This Blog is one whose time has come! It is one where I shall express my views and beliefs in a diplomatic matter having finally reached the end of my gracious-tether due to more than a decade of uncivil behavior from far more combative and slanderous Pagan individuals that refuse to "live, and let live". Furthermore, I am exhausted having my devotion to the Goddess questioned, under the inappropriate guise that She could never have chosen me, implying that I am guilty of gross mendacity!
I sincerely believe that the gods choose us, regardless of our individual personality traits--after all, I am very much a pacifist. Indeed, my own experience involves synchronicity, which Physicist F. David Peat has defined as "coincidences that are so unusual and so psychologically meaningful they don't seem to be the result of chance alone."[1] It is simply unacceptable to me that pagans would choose the gods (would you demand a relationship with a perfect stranger after having run up to their home unannounced?), let alone "work with them" as if they are a mere banal ingredient in some spell or ritual! Because I am also very much a Skeptic, my keenly analytical mind required the multi-tiered experiences that follow, otherwise I may very well have dismissed it as utterly inconsequential.

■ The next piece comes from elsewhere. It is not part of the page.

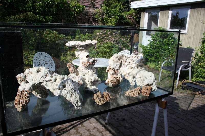 Det ser godt, men der skal selvfølgelig lige suppleres med lidt ekstra levende sten, fra mit nuværende akvarium så de døde sten kan blive levende igen. Jeg har taget et par billeder, så I kan få en forsmag på mit nye akvarium. Der er selvfølgelig lang vej endnu, men jeg er fortrøstningsfuld, og glæder mig til at komme i gang med bordet snarest muligt.
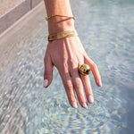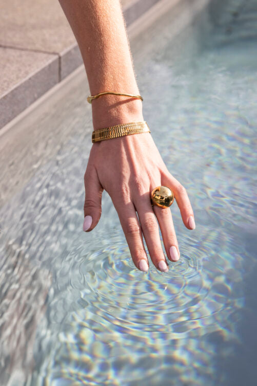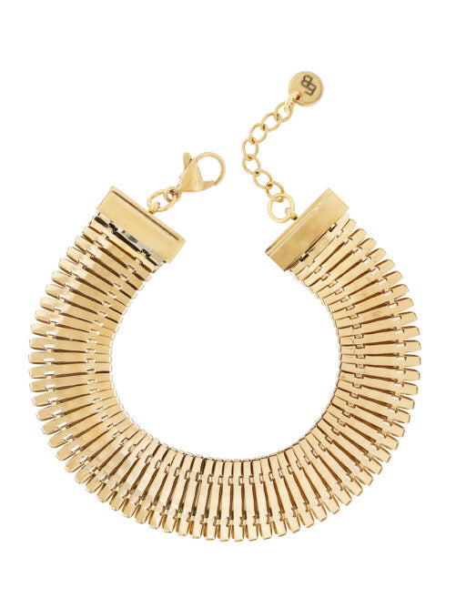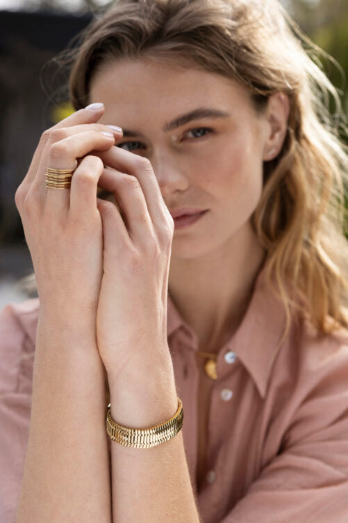 Prachtige brede gouden armband met een soepel en vloeiend ontwerp zodat deze elegant om de pols valt. Dankzij het verlengkettinkje kun je de lengte van de armband gemakkelijk aanpassen zodat deze altijd past .De armband heeft een breedte van 1.4 cm. Verguld op long-lasting stainless steel.

It began on the Eve of Lughnasah[2] in 2002 as I was preparing for a simple Lughnasah Rite the next day. Now, by this time I had been studying and practicing the Old Ways including researching the ancient heritage of my Celtic ancestors for five years. Having finished the final draft of my invocation to the Old Ones I decided to take a break from the day and sat on the back steps in the humid Iowan weather. However, as I gazed out at the field of corn (maize) in the pitch black night I noticed a spectacular fireworks display as I was taking in the Mysteries of Autumn. I wondered to myself if the Farmer's setting off these lights were aware of the Holy Day that was about to greet us.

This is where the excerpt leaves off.